(Stored data entries)
^^^^

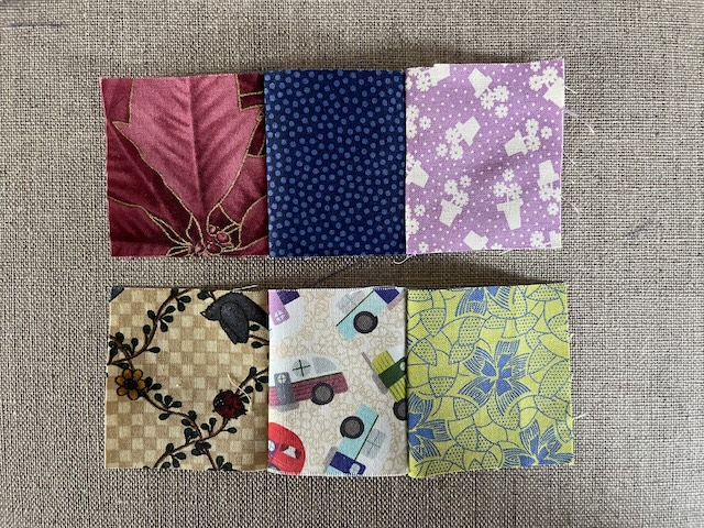 5 firkanter på hver 6 x 6 cm i reste farven og 1 blå ( bundstoffet) også på 6 x 6 cm
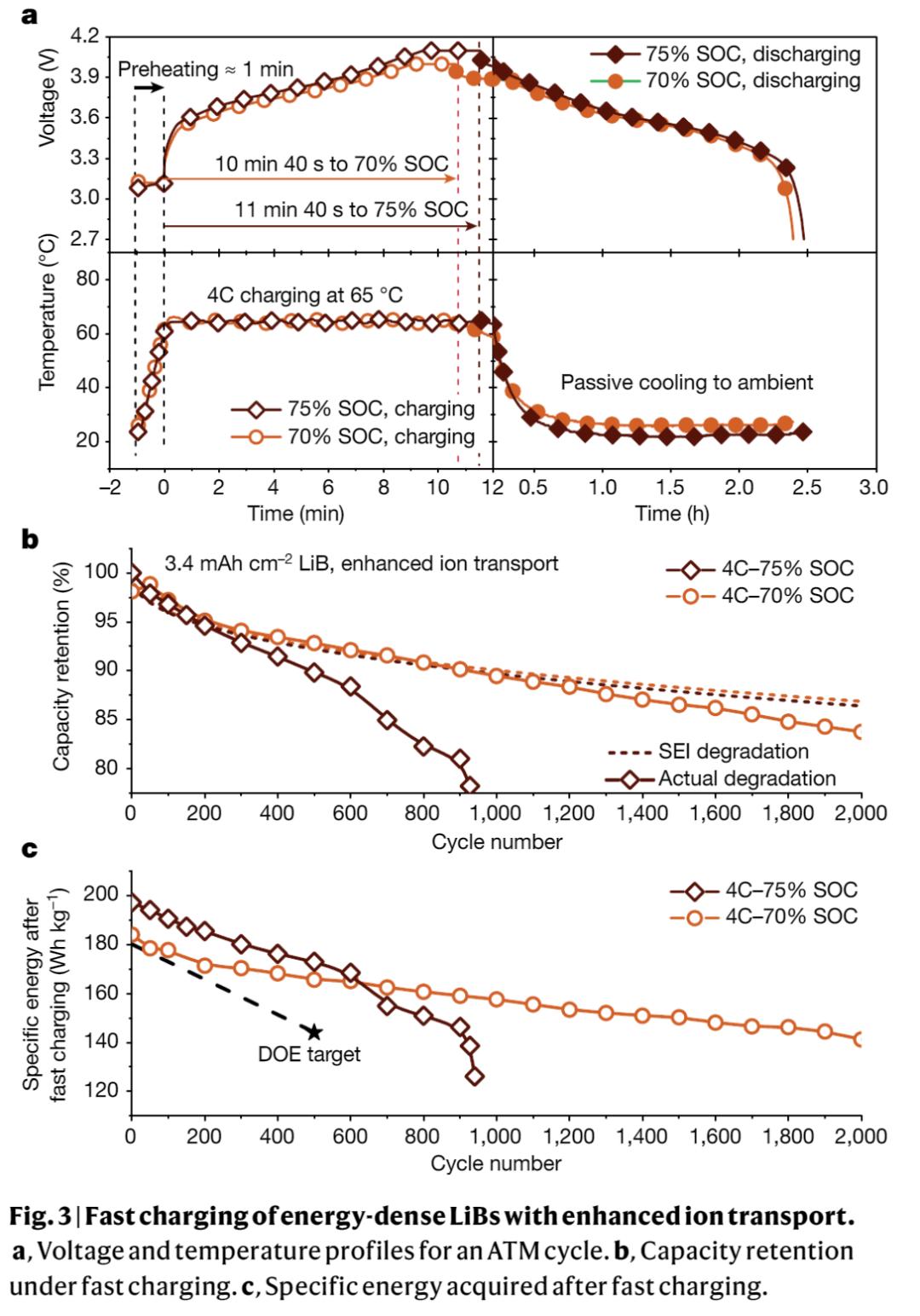 為了實現 15 分鐘獲得 240 Wh kg^-1 比能和超過 800 次循環的目標,本文選擇了面積容量為 3.4 mAh cm^-2 的 LiNi_0.8Mn_0.1Co_0.1O_2 (NMC811) 作為陰極。通過將 ATM (asymmetric temperature modulation)方法與雙鹽電解質和更大孔隙率的陽極相結合,來改善離子傳輸,因而本文展示了一種適用于汽車的解決方案。
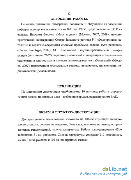 Основные положения диссертации доложены и обсуждены на заседании кафедры акушерства и гинекологии №1 РостГМУ; представлены на IX Российском Научном Форуме «Мать и дитя» (Москва, 2007, 2009); научно-практической конференции Северо-Западного региона РФ «Эндокринная патология и сердечно-сосудистая система: проблемы, задачи, пути решения» (Санкт-Петербург, 2007); XI Поволжской научно-практической конференции (Астрахань, 2007); научно-практической конференции «Современные технологии в диагностике и лечении гинекологических заболеваний» (Москва, 2007); конференции «Актуальные вопросы акушерства, гинекологии, перинатологии» (Анапа, 2008).
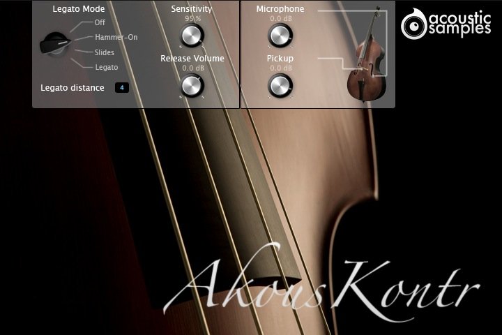 AkousKontr är en tysk 4/4 kontrabas med fyra strängar. Acoustic Samples har spelat in båda mikrofonerna med ett par elektrostatisk mikrofoner.
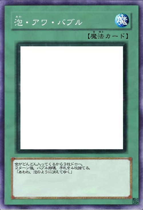 金がどんどん入ってくるから3枚ドロー。 2ターン後、バブル崩壊。手札を4枚捨てる。 「あわわ、泡のように消えてゆく」 |
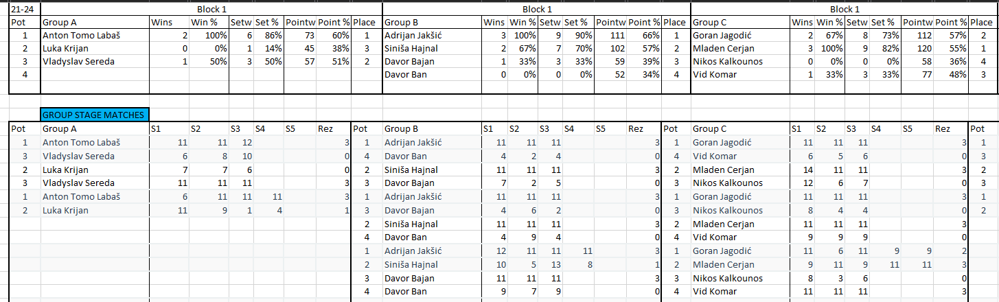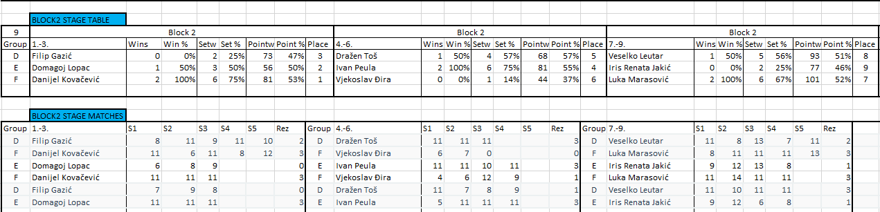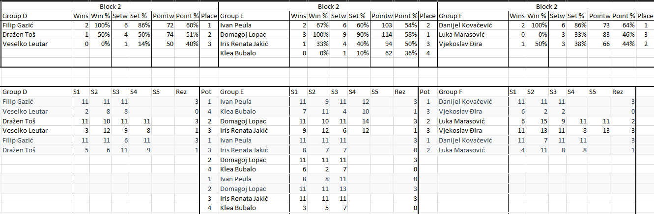 Pobjednik turnira je onaj koji pobjedi sve protivnike koji su bili prvi u svojim grupama. Igrat će se na 3 dobivena seta do 11 s lopticama koje će pripremiti organizator.
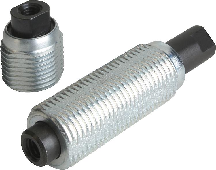产品说明材料:钢制。规格:套筒 蓝色镀锌。 顶销 黑色氧化。提示:通过顶销两侧的螺纹孔可以装入各种嵌入件实现多种用途,例如:棱柱、柱塞、自适应顶脚、按钮、卡爪等。装配:为防止螺纹套筒的脱落,建议使用 LOCTITE 螺栓胶 97990-243。特点: 下载此处为收集信息的 PDF:

^^^^

What is needed is a word-for-word copy of the lines from the start of the data to the line with "為了實現 15 分鐘獲得", inclusive, with no pictures in it.

 5 firkanter på hver 6 x 6 cm i reste farven og 1 blå ( bundstoffet) også på 6 x 6 cm
 為了實現 15 分鐘獲得 240 Wh kg^-1 比能和超過 800 次循環的目標,本文選擇了面積容量為 3.4 mAh cm^-2 的 LiNi_0.8Mn_0.1Co_0.1O_2 (NMC811) 作為陰極。通過將 ATM (asymmetric temperature modulation)方法與雙鹽電解質和更大孔隙率的陽極相結合,來改善離子傳輸,因而本文展示了一種適用于汽車的解決方案。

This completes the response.